Data provided>
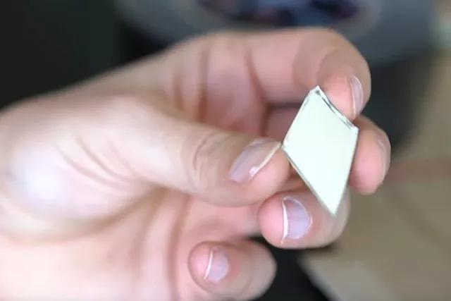 方法很簡單,找一塊最小的鏡子碎片(注意安全,最好把尖銳的邊緣磨平些),背面貼上雙面膠。
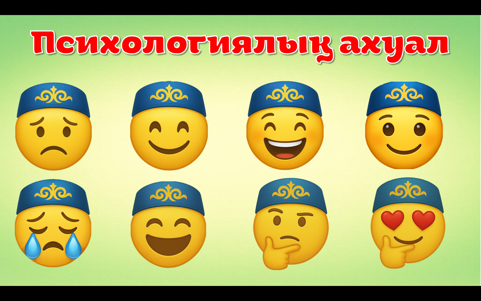 Ұйымдастыру: Сәлемдесу, түгендеу, оқу жабдықтарын тексеру. Психологиялық ахуал. Смайликтер арқылы көңіл - күйлерін көтереді.
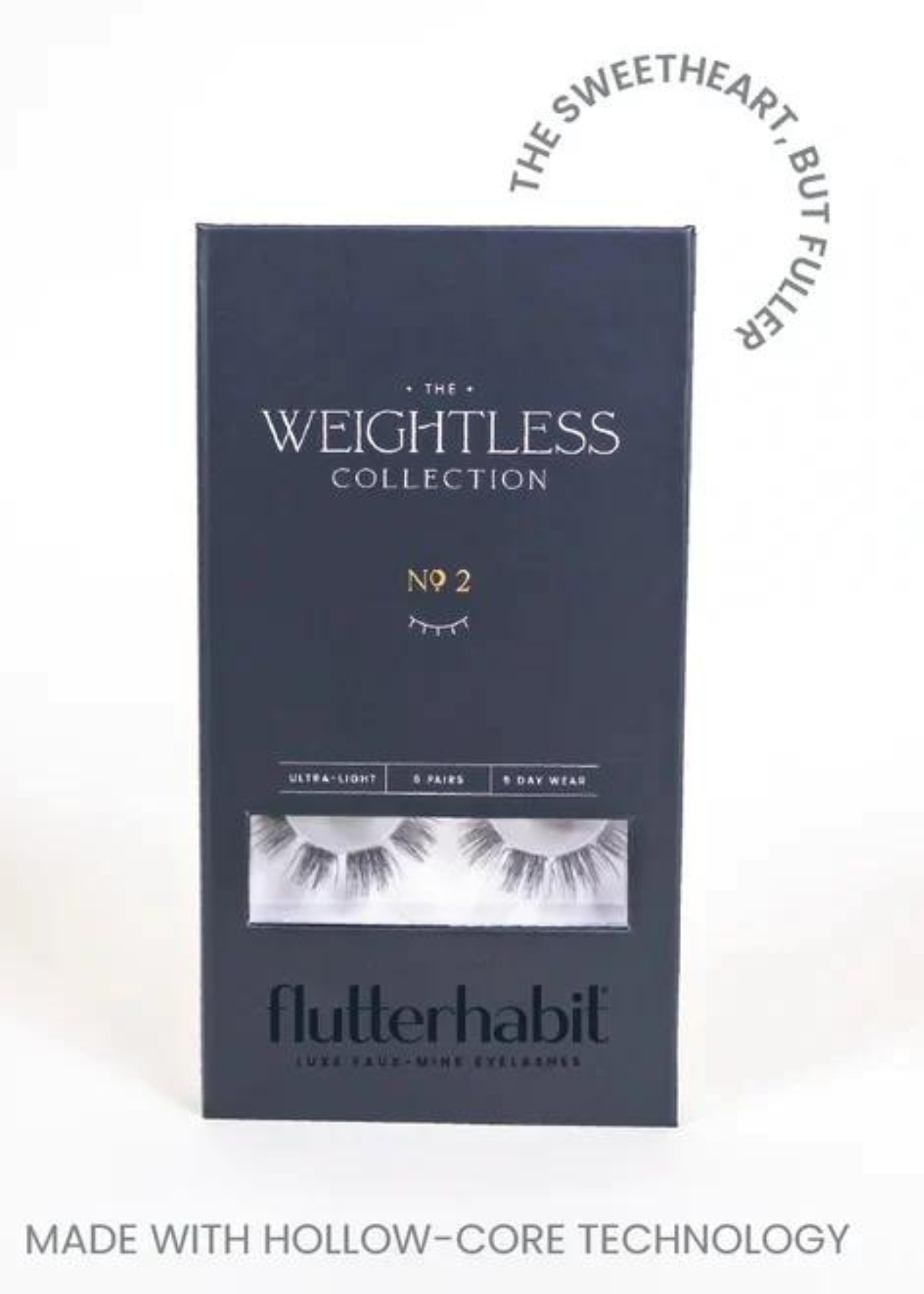 The Weightless No. 2 is the perfect marriage of our best selling length and NEW hollow core fiber technology. Perfect for any occasion, The Weightless No. 2 is a curly, doll-eyed lash that can be dressed up or down. The ultra-light, silky fibers feel as comfortable as your natural lash and wear even more gently for a feel you simply must experience to believe.
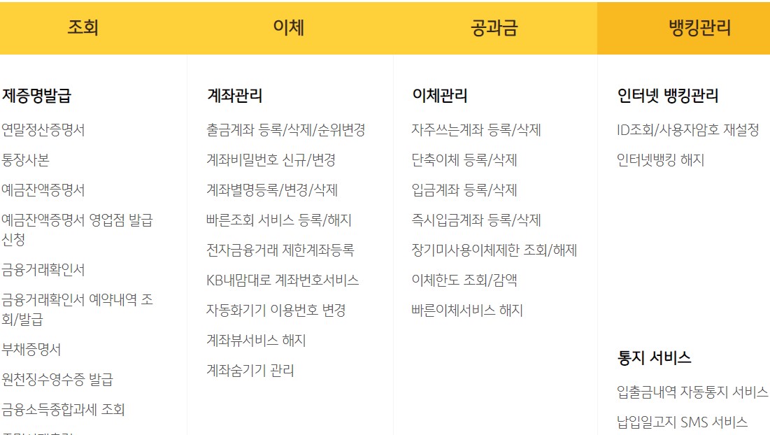 국민은행 사이트를 들어간 후 공동 인증서 또는 스마트폰을 통하여 로그인을 해주시기 바라요.
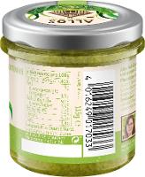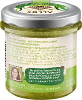 Spinat* (44%), Zwiebeln* 18%, Sonnenblumenkerne*, Sonnenblumenöl*, Pinienkerne* (3%), Agavendicksaft*, Kartoffelstärke*, Knoblauch* (2%), Zitronensaftkonzentrat*, Meersalz, SENF* (Wasser, SENFSAATEN*, Branntweinessig*, Meersalz, Kurkuma*, Koriander*, Paprika* edelsüß, Piment*), Zwiebelpulver*, schwarzer Pfeffer*, Verdickungsmittel: Johannisbrotkernmehl*.| Energie | Fett | gesättigte Fettsäuren | Kohlenhydrate | Zucker | Ballaststoffe | Eiweiss | Salz |
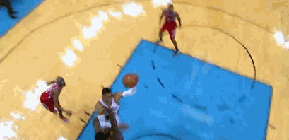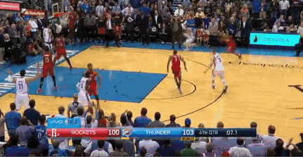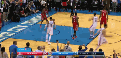 比赛打到此时,雷霆仍然可以稳稳将球发出后,等待对手采取犯规战术,但威少似乎并不甘心就这样结束比赛:终场前5.5秒,雷霆开底线球,阿布里恩斯发球,威少从边路加速横切,接到传球之后,并没有选择将球运出外线,而是踩着禁区线起跳,面对卡佩拉的防守,直接来了一记隔人暴扣!
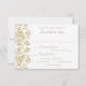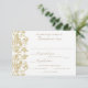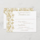 Romantic gold and white damask wedding invitation response card with bride and groom's names and wedding date on reverse side.
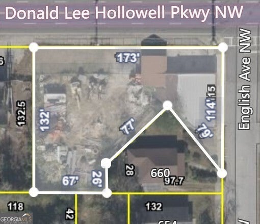 This prime 0.40-acre parcel is a corner lot, zoned C2, that offers significant development potential with approximately 173 feet of frontage on Donald Lee Hollowell Parkway and 114 feet of frontage on English Avenue. The property includes a fenced brick building; however, the structure is deemed to hold no contributory value, making the land ideal for redevelopment. This high-visibility location presents an excellent opportunity for commercial ventures. IMPORTANT NOTE: The owner has a court appointed Personal Representative that has never occupied the property, therefore, the Seller does not know specifics about property conditions, hazards, or needs. The land and any improvements are being sold in "as is" condition. This MLS includes Seller Required Special Stipulations. The Seller Required Special Stipulations page must be included in all offers. Submit offers to the listing agent in pdf format only, so that your offer can be forwarded to the Personal Representative for consideration. The Personal Representative says we can close without delay with an accepted offer.
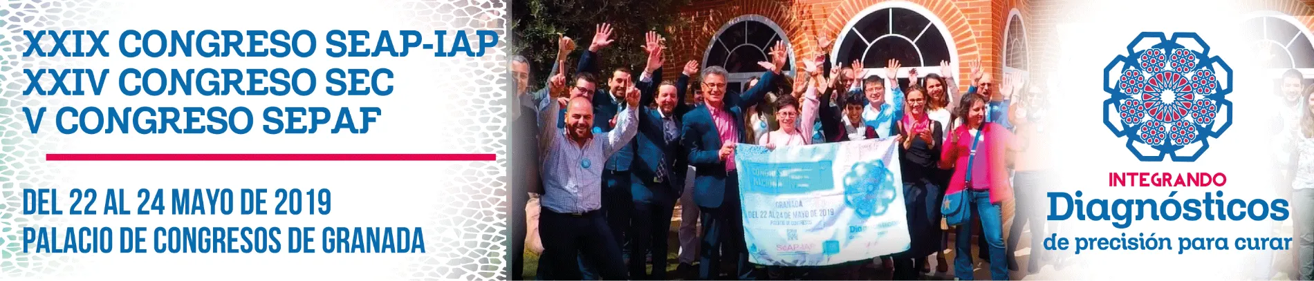 Bienvenidos a esta web que ponemos en marcha y desde la que os informaremos puntualmente de los preparativos del XXIX Congreso Nacional de la Sociedad Española de Anatomía Patológica (SEAP-IAP), que conjuntamente con el XXIV Congreso Nacional de la Sociedad Española de Citología (SEC) y V Congreso Nacional de la Sociedad Española de Patología Forense (SEPAF), celebraremos entre los días 22 al 24 del próximo mes de mayo de 2019 en la ciudad de Granada.
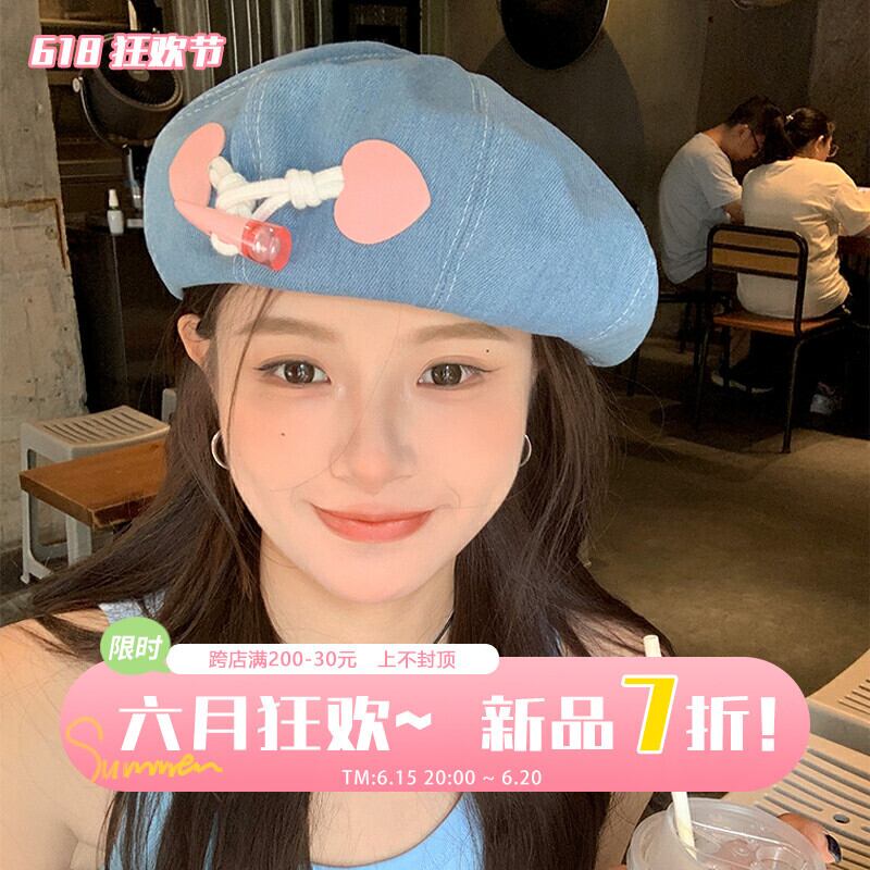 カウボーイベレー帽女性の夏の新バージョン甘いショーフェイス小さなつぼみペインターハットオールマッチ大きな頭囲帽子潮 大人ガーリー スウィート キュート カジュアル サマー 夏物 ベレット ヘアアクセサリー 15dd28260281740
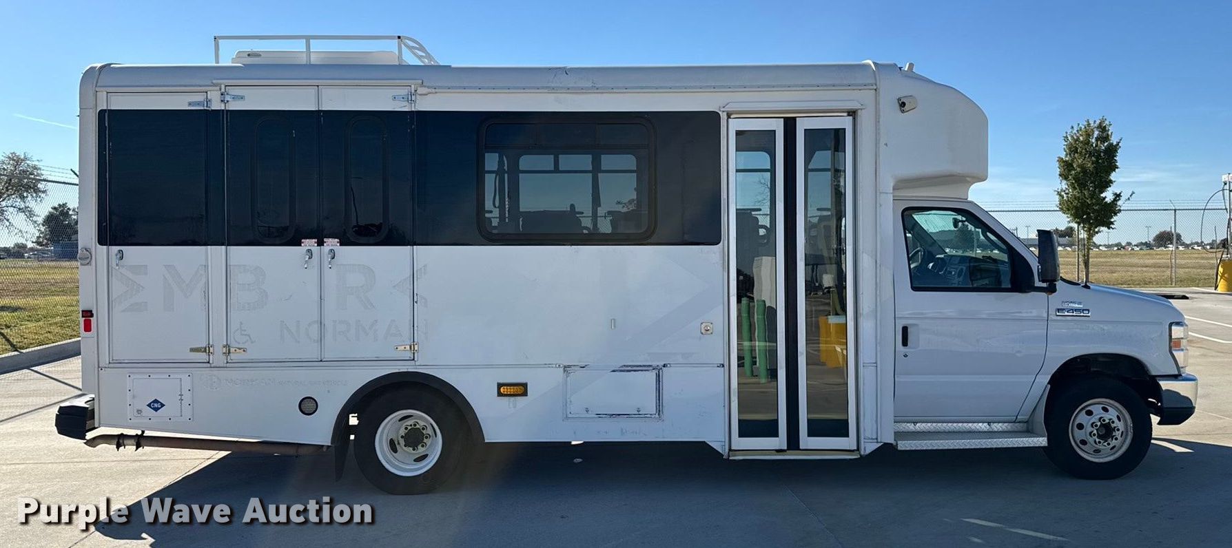 2014 Ford E450 Super Duty shuttle bus. Miles: 192,577 on odometer, Hours: 8,514 on meter, VIN: 1FDXE4FS3EDB10276, Unit #: 1475. Engine Displacement: 6.8L, Cylinders: 10, Fuel type: CNG. Transmission Automatic. Chassis Axles: Single, Suspension: Spring, Brakes: Hydraulic, GVWR: 14,500 lbs, Wheelbase: 158". Interior AC, Heat, Cruise control, Backup camera, Passengers: 14, Wheelchair lift. Tires Size: LT225/75R16. Notes Dash warning indicator: Check engine. Oklahoma title. Title distribution may be delayed up to 30 days from verification of funds. City Of Norman. Norman, OK 73069
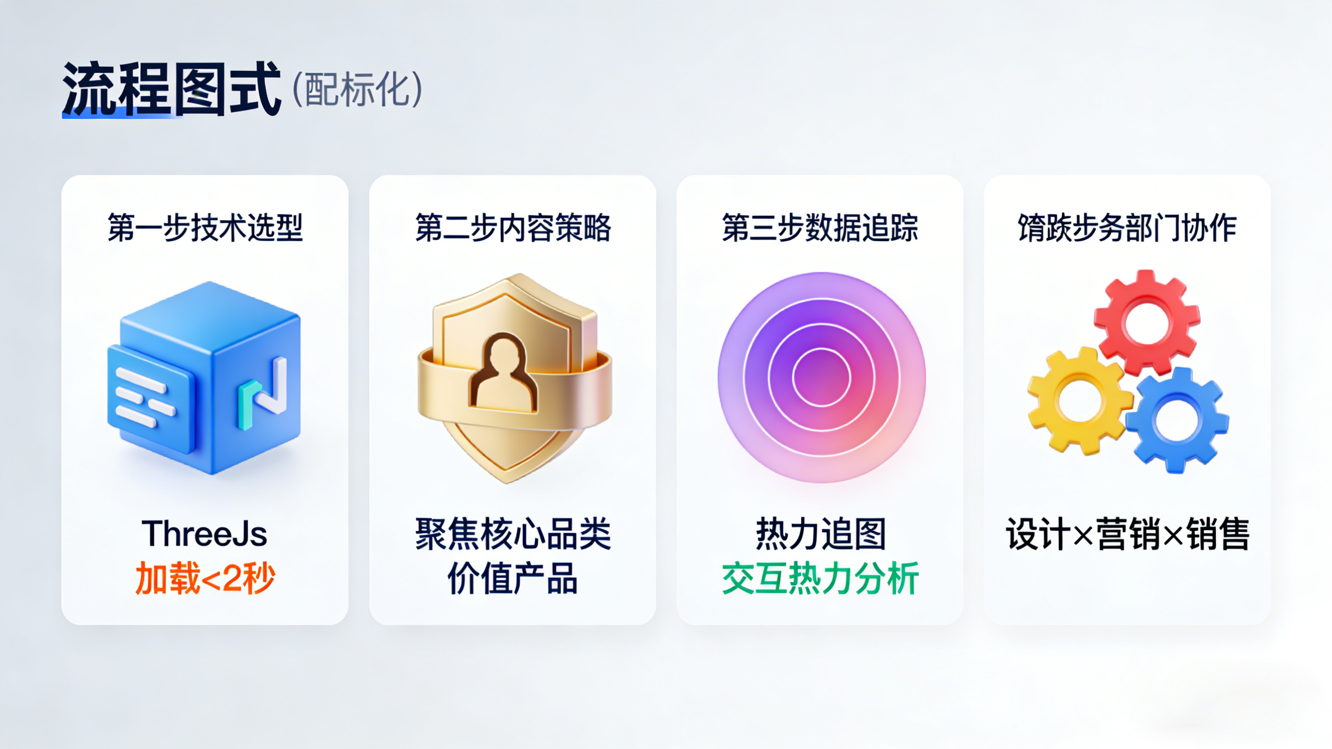 内容策略:聚焦高价值产品(如高单价、技术复杂度),避免全品类3D化导致资源浪费。
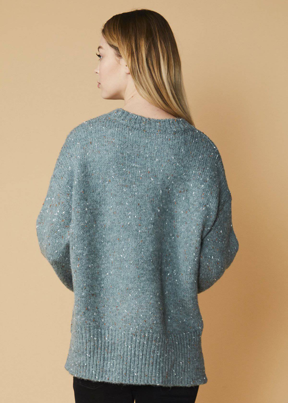Nurode Crewneck Oversized Pullover with Chest Pocket and Hi-Lo detail
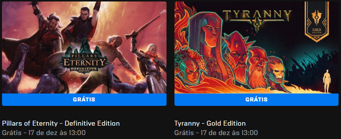 Até o dia 17/12, a Epic Games estará disponibilizando dois jogos gratuitamente em seu site, os jogos são: Pillars of Eternity – Definitive Edition e Tyranny – Gold Edition.

Problem description> Find the line containing "内容策略:聚焦高价值产品(如" and copy it and each line after it through the end of the material, exactly, with no pictures.

Response area>
 内容策略:聚焦高价值产品(如高单价、技术复杂度),避免全品类3D化导致资源浪费。
Nurode Crewneck Oversized Pullover with Chest Pocket and Hi-Lo detail
 Até o dia 17/12, a Epic Games estará disponibilizando dois jogos gratuitamente em seu site, os jogos são: Pillars of Eternity – Definitive Edition e Tyranny – Gold Edition.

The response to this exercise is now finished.